«M. Proudhon ha escrito en sus Confesiones de un revolucionario estas notables palabras: "Es cosa que admira el ver de qué manera en todas nuestras cuestiones políticas tropezamos siempre con la teología". Nada hay aquí que pueda causar sorpresa, sino la sorpresa de M. Proudhon. La teología, por lo mismo que es la ciencia de Dios, es el océano que contiene y abarca todas las ciencias, así como Dios es el océano que contiene y abarca todas las cosas» (Donoso Cortés).

domingo, 21 de diciembre de 2014

ÁNGEL DAVID MARTÍN RUBIO: En la espera de Cristo con Santa María y San José


«¡Oh Llave de David, y cetro de la casa de Israel, que abres, sin que nadie pueda cerrar, y cierras, sin que nadie pueda abrir! ¡Ven, y saca de su prisión a los cautivos sentados en tinieblas y en las sombras de la muerte» (Antífona del Magníficat, 20-diciembre)
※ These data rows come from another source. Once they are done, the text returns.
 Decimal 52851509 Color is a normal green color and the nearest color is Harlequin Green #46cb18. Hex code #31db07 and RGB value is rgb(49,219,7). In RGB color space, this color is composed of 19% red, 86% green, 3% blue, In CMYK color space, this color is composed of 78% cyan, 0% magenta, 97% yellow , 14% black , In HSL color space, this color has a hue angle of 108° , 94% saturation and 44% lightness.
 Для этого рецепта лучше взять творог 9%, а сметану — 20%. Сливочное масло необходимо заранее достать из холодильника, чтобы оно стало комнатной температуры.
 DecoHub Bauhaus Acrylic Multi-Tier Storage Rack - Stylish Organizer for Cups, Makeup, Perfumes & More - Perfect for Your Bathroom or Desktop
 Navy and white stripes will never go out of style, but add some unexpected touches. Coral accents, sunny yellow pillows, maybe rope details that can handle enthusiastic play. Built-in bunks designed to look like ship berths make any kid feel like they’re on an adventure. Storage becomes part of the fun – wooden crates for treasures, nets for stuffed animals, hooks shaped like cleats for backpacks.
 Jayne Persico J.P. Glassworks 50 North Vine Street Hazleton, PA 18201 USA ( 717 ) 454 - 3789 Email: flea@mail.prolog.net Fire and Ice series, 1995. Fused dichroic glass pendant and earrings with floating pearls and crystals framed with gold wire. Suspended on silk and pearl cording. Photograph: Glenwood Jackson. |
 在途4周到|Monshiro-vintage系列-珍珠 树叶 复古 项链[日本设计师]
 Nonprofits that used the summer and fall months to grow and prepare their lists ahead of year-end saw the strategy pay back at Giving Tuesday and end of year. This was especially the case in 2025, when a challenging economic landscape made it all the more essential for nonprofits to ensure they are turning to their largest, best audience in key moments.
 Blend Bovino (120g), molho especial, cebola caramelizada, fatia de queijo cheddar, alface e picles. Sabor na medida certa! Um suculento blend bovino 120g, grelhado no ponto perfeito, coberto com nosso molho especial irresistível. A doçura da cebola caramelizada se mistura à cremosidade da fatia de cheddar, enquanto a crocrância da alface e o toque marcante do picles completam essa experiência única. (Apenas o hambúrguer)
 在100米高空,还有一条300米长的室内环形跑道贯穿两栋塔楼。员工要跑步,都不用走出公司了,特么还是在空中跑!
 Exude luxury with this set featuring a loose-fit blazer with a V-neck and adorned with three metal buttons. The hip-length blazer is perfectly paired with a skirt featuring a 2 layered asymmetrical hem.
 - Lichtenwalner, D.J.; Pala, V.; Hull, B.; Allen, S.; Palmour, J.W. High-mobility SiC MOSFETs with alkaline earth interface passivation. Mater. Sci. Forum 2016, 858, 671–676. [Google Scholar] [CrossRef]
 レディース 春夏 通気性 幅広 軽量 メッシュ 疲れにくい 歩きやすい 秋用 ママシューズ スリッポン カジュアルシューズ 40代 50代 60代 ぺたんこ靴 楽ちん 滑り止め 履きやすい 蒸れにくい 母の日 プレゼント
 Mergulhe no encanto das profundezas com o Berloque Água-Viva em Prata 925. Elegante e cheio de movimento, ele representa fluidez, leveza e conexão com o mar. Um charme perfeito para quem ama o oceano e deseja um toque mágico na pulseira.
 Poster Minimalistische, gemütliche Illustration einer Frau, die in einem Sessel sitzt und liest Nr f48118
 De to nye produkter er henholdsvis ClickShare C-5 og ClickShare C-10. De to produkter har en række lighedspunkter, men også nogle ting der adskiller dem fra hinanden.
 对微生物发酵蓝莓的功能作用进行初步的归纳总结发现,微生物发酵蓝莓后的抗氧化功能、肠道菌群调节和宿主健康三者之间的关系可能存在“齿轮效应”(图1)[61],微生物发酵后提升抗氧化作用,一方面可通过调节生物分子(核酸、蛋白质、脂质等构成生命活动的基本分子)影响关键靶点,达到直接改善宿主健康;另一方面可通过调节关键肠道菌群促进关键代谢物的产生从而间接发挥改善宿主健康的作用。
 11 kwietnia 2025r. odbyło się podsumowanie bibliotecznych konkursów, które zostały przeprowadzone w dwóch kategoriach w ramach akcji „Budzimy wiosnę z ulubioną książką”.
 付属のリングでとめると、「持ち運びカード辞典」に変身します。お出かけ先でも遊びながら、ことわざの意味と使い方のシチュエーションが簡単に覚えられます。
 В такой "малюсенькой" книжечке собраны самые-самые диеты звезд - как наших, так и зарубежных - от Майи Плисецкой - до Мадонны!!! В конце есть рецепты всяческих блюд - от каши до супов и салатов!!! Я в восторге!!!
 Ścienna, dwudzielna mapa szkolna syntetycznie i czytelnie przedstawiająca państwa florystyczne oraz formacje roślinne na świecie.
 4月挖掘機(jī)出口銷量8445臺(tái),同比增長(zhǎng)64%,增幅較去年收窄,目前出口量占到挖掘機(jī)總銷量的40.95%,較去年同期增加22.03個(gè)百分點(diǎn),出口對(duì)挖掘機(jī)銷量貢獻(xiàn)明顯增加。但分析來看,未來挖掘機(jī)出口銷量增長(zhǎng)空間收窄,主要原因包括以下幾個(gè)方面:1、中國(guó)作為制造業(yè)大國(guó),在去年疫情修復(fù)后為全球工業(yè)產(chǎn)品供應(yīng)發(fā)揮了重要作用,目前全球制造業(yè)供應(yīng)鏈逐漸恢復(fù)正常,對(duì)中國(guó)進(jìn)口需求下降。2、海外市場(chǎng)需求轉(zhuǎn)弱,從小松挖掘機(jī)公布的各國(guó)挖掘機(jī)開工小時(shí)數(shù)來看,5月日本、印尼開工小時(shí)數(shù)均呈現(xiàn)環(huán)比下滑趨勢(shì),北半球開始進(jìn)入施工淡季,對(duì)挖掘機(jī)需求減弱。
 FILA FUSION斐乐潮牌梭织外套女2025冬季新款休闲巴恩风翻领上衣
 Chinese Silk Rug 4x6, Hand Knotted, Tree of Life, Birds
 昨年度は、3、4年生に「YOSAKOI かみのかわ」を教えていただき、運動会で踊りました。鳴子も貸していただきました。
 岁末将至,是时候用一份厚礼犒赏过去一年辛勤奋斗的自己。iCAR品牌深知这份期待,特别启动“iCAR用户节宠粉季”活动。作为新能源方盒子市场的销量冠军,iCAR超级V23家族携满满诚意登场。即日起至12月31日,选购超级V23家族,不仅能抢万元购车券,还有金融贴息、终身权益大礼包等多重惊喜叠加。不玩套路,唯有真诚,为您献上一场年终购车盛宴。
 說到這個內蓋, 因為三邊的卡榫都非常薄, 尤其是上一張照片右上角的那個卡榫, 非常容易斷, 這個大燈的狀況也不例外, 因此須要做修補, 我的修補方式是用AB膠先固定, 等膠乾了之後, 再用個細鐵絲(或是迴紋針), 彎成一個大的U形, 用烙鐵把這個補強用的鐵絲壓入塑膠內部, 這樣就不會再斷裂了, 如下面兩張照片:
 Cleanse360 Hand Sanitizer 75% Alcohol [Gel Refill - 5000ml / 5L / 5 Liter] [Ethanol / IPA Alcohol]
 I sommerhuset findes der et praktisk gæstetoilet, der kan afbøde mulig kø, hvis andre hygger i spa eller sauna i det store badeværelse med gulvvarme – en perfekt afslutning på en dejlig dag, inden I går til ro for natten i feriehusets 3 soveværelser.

La primera lectura de la Misa de este cuarto Domingo de Adviento nos presenta una de las más importantes profecías que anunciaron la venida del Mesías en el Antiguo Testamento (2 Sam 7, 1-5. 8b-12. 14a. 16).


El rey David deseaba construir una “casa”, un templo para Dios; pero el Señor le hace saber, por medio del profeta Natán, que el Templo no le interesa por entonces, sino que Él tiene otros designios. «Yahvé te hace saber que Él te edificaré una casa» (v. 11), es decir, un reino duradero: de la familia y descendencia de David habría de nacer el Salvador, el Mesías.

En la historia de la Revelación se llama a esta promesa la “Alianza davídica”. La promesa de Dios a nuestros primeros padres en el amanecer de la historia, el anuncio del Redentor que se hizo en el Paraíso después del pecado original, se va concretando a través de Abraham y de la vocación del pueblo de Dios en cuyo seno y en la descendencia de David nacería el Salvador. La desobediencia de los reyes de la dinastía de David no anula el cumplimiento de la promesa, solamente causará castigos temporales como el cisma, el cautiverio y, finalmente, la dispersión (cfr. Mons. Straubinger, Santa Biblia, in 2Sam 7, 1-18ss).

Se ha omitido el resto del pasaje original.